▶ Work item:
Each line of the data below between the one containing "Зелень мелко нарубить, помидор" and the one containing "De zeven umc’s", both included, is to be repeated exactly. Please omit pictures.

▶ Record set:

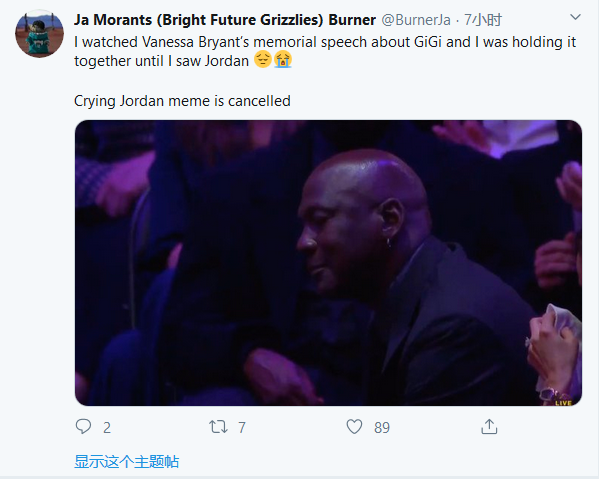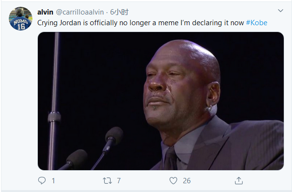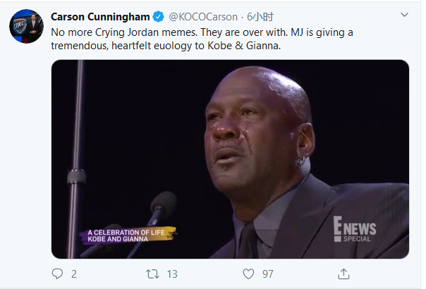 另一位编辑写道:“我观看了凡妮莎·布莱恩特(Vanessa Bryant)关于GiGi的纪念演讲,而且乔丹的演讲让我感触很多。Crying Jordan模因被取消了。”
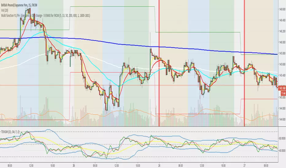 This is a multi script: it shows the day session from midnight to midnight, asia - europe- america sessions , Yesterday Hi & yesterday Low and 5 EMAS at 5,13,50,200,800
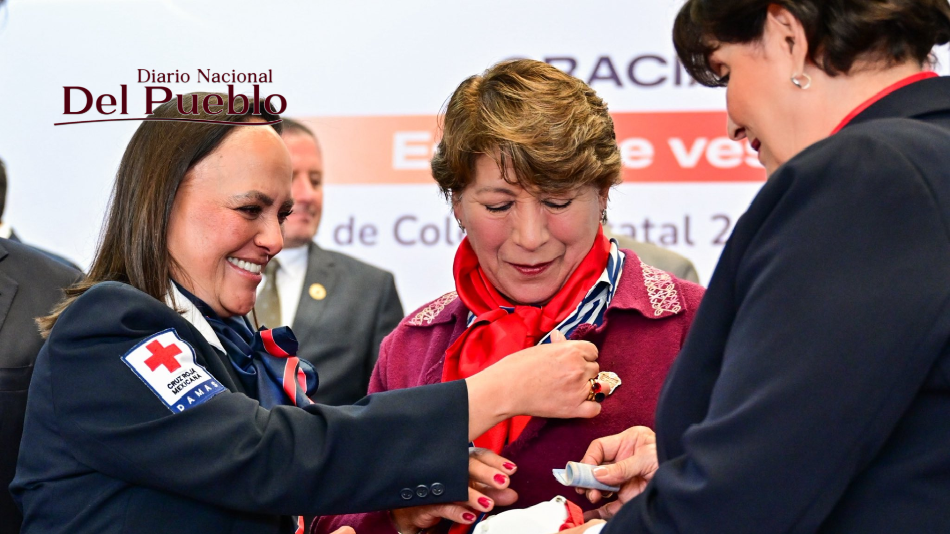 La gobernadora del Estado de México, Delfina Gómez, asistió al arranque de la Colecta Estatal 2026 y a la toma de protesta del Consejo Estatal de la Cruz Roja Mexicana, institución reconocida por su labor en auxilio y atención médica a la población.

==

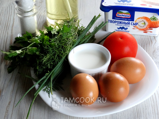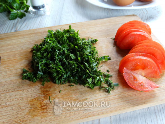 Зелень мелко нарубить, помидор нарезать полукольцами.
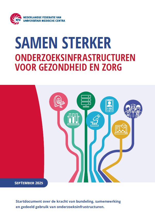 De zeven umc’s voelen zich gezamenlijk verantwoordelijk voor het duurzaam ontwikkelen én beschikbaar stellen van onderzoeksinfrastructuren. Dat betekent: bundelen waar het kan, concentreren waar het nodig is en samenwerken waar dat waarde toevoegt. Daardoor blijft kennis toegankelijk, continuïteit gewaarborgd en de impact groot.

▶ Solution to the exercise:
 Зелень мелко нарубить, помидор нарезать полукольцами.
 De zeven umc’s voelen zich gezamenlijk verantwoordelijk voor het duurzaam ontwikkelen én beschikbaar stellen van onderzoeksinfrastructuren. Dat betekent: bundelen waar het kan, concentreren waar het nodig is en samenwerken waar dat waarde toevoegt. Daardoor blijft kennis toegankelijk, continuïteit gewaarborgd en de impact groot.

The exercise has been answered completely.